Travis Ingram's Research Group

Ecology and Evolution in New Zealand's Freshwaters

Every individual is unique, and differences among individuals in the use of resources ("niche variation") can have important ecological and evolutionary consequences. Travis has collaborated with the Bolnick Lab from the University of Texas at Austin, testing hypotheses about the causes and consequences of intraspecific diet specialization. We used in-lake enclosure experiments on Vancouver Island to demonstrate effects of interspecific competitors on the degree of diet variation in threespine stickleback (Gasterosteus aculeatus) populations (pdf), and to show that increased variation in an ecologically important phenotypic trait will not necessarily increase diet variation or modify top-down control (link to free pdf).

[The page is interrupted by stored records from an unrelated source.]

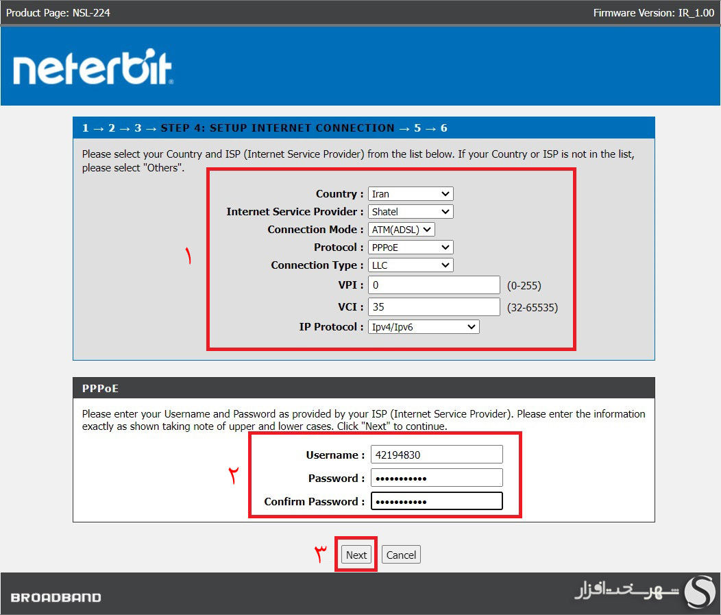 نحوه تنظیمات مودم Neterbit از طریق Internet Setup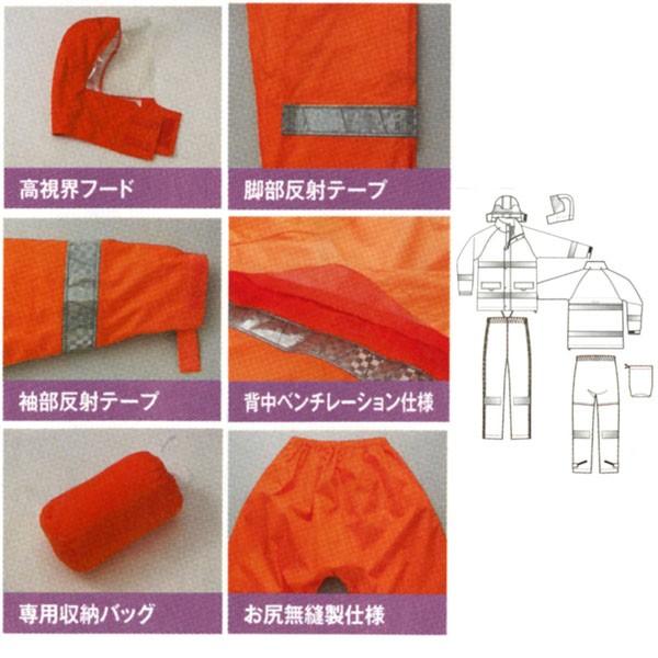 ☆全方位型プリズム反射テープ付きのレインスーツです!☆雨の日も輝度が落ちにくく、汚れに強いプリズム反射テープを使用しております!☆夜間の外作業時や交通整理時に効果的です。☆裏地がメッシュになっており、ベタ付きを防止します。☆耐水圧10000mmH2O、透湿性2000g/m2です。☆袖口はゴムシャーリング+マジックテープアジャスターにより雨の進入を防ぎます。☆フードは取り外し式で視界を確保する透明ツバ付きです。☆首元までのフルジッパー仕様。☆ジャケットの裾には絞り用の引き紐付きです。☆左右腰部分にフラップ付きポケットが付いています!☆持ち運びに便利な収納袋付きです。☆1万円以上のお買上げで送料無料、手数料無料となります。 素材・色・サイズ 【素材】表:ポリエステル100%(PUコーティング)/ 裏:ポリエステル100%メッシュ【色】063オレンジ 008ネイビー 019イエロー【サイズ】3L/4L"} レインスーツ(562404)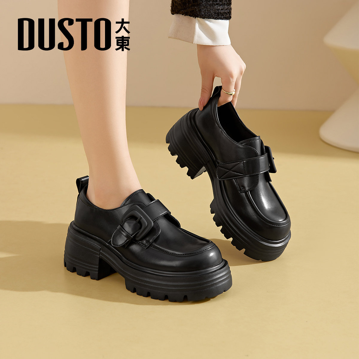 大东黑色乐福鞋女2026新款秋冬深口粗跟单鞋厚底增高英伦风小皮鞋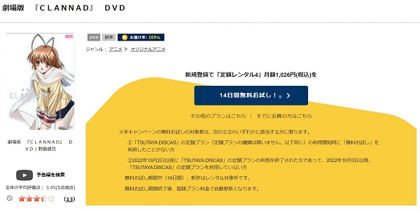 そして、映画「劇場版 CLANNAD -クラナド-」はツタヤディスカスで配信しているので、無料でDVDレンタルが可能です。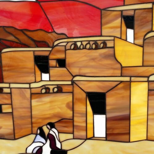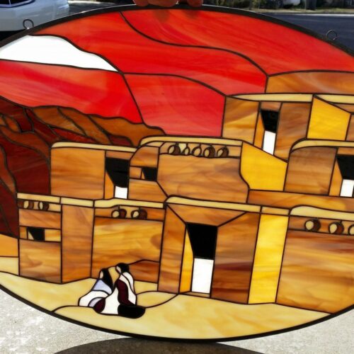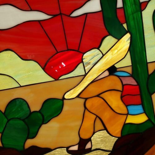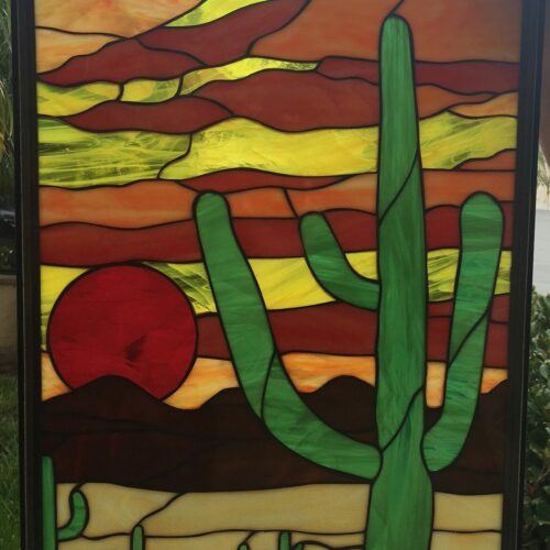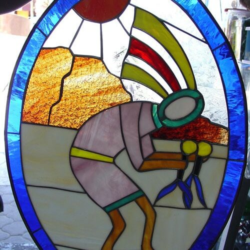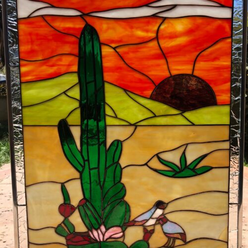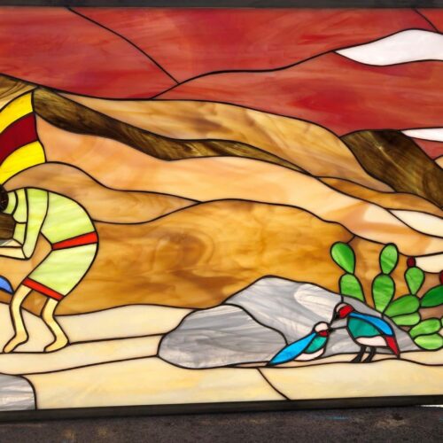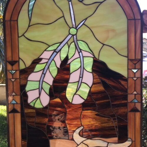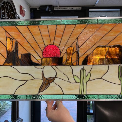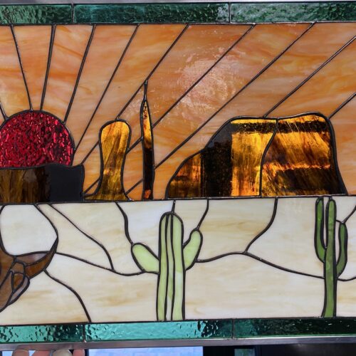 Large Selection of Southwestern Stained Glass Windows including Horses, Desert, Skull, Lizard, Navajo, and Many Others. Free Customization to fit any window.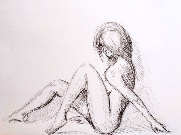 Nude girl sitting - Ink drawings on paper, nude girls and models Nude girl sitting - Ink drawings on paper, nude girls and models, original ink drawing is signed. The work will have its certificate of authenticity.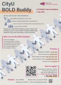 香港律師會於2009年開始每年舉辦「法律先鋒」師友計劃,由律師、見習律師及法律系學生擔任導師角色,透過各種法律活動,與中學生交流,言傳身教。 新一期的「法律先鋒」師友計劃將以全新體驗方式登場。第十二期師友計劃秉承「薪火相傳」的理念,將兼備線上線下活動,促進導師與同學之間的互動,從中給予適當的指導,啟發同學們積極正面的人生觀。第十二期「法律先鋒」師友計劃現正招募學生。 第十二期活動訂於今年9月展開,大會訂於11月13日舉辦第十二期「法律先鋒」師友計劃日間領袖培訓訓練營(*香港律師會將會因應疫情發展適時作出相應安排或調動)。此外,大會將定期安排各種網上活動,希望透過多元化的活動,增加師友之間的交流,讓學生從中汲取各類型的法律知識。 對象:中四至中五學生 下載:報名表格 有興趣學生請填妥報名表格,於2021年7月2日前親身遞交至本校教員室(051)鍾淑婷老師 或 (061)朱芷慧小姐。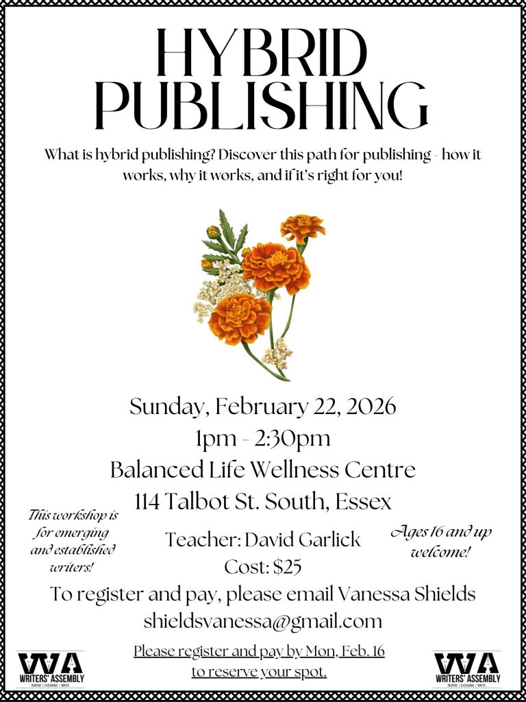 Sunday, February 22, 2026 – Writers’ Assembly, Hybrid Publishing, 1pm – 2:30pm, Teacher: David Garlick, Balanced Life Wellness Centre, 114 Talbot St. S. Essex, Cost: $25 REGISTRATION IS OPEN!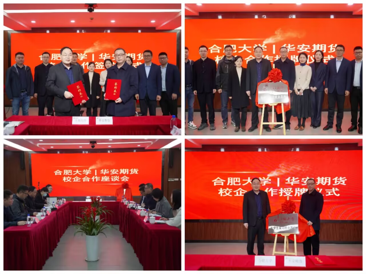 為拓展校企合作實踐基地,進一步提升應用型人才培養質量,3月12日上午,經濟與管理學院一行赴華安期貨開展大學生校外實習基地簽約與訪企拓崗工作。合肥大學經濟與管理學院院長陳江華、學院黨委副書記、紀委書記夏丹青、投資金融系主任李殿云以及華安期貨副總經理李鴻浩、華安期貨首席風險官閆偉等出席儀式。

Our current Marsden-funded research is investigating niche variation within fish populations and how it responds to interspecific interactions. We have focused on how common bully (Gobiomorphus cotidianus) responds to introduced perch (Perca fluviatilis) in wetland ponds near Lake Waihola, just outside Dunedin. We have used mark-recapture studies, stable isotope analysis, and mesocosm experiments to measure individual niche variation in habitat and diet in the presence of different life stages of perch. We have also linked individual niche variation with variation in behaviour (personality traits) and life history (using otolith microchemistry).